- Let chickens out of coop, whether you choose to free range or use a run it is important that they have access to lots of room and let them get their day started outside of the coop. Also, make sure that they have access to a place to dust bathe. Chickens love to get their feathers in the sand. This is how they get bugs, like mites, off them and it is necessary for a health flock. The like to dust bathe in places with loose dirt, sunshine and shade.
- Supply fresh water
Depending on your weather, you may need to change water a few times a day. For example: if it’s cold outside their water may freeze and in the heat, they will drink more water and will run out more quickly. Also in the heat the water can become too warm to drink and will need to be changed to fresh cool water.
- Supply fresh food
Make sure to give enough feed for the whole flock. Avoid letting the feed get wet, it will get moldy. NEVER give your flock feed with mold in it.
- Collect your fresh eggs
- Clean the coop, spray with a non-toxic ammonia control product such as Chick Fresh to prevent your coop from ammonia buildup. Just a few sprays a day can make your coop litter last longer and make coop cleaning much easier and more enjoyable.
- In the evening, make sure that they are locked back up in the coop to keep them safe from predators.
- Predator Proofing – check all areas of the coop and run to ensure your flock is still safe from predators.
- Deep cleaning of the coop is recommended every week or two. Get all the poop off of the roosting bars, clean out the laying boxes, rake up the poop and add it to your compost pile.
- Health Check
- Make sure they have clear eyes
- Check around their vent area for mite eggs and poop stuck to their vent and feathers. Their vent should be clear of both
- Observe the scales on their legs and feet.
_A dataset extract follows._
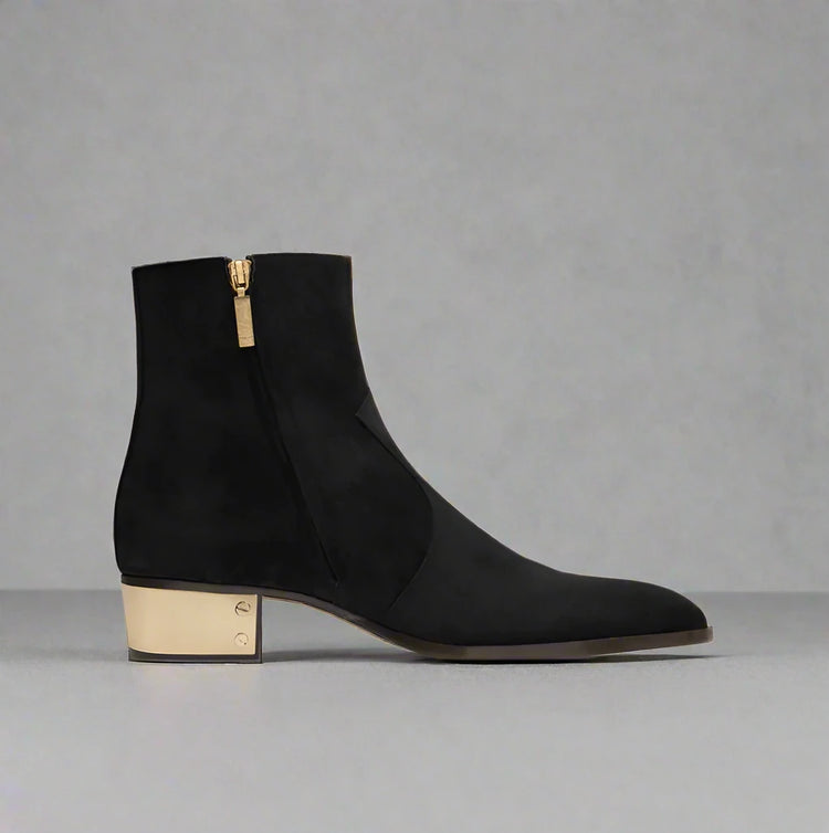Effortlessly stylish and comfortable, our Black Suede Leather Chelsea Boots feature a convenient slip-on design with a zipper for easy wear. The golden heel plate adds a touch of elegance to these versatile boots that can be dressed up or down for any occasion. Stay on trend with these timeless Chelsea boots.

The scales should be laying down smoothly. If they are lifted, they may have leg mites and you will need to treat them.
- Check the bottom of their feet. Are there any sores, cuts or scabs? Their feet should be clear of all of these. If you do find sores, cuts or scabs they run the risk of getting infections like bumble foot or may already have it.
- If you choose to clip wings, now would be a good time to do so. Also make sure that their toenails and beak is not too long.
- Watch their behavior. If it is a hen, make sure she is still laying eggs. Hens should lay eggs every or every few days depending on the breed. If at any time she stops laying eggs, and she is not broody and it is not wintertime, there is something going on and she could be egg bound and will need treatment immediately. Also watch to make sure they are walking, eating and drinking normally. Noticing any change to the behavior of a member of your flock early will increase the chances of not loosing the animal.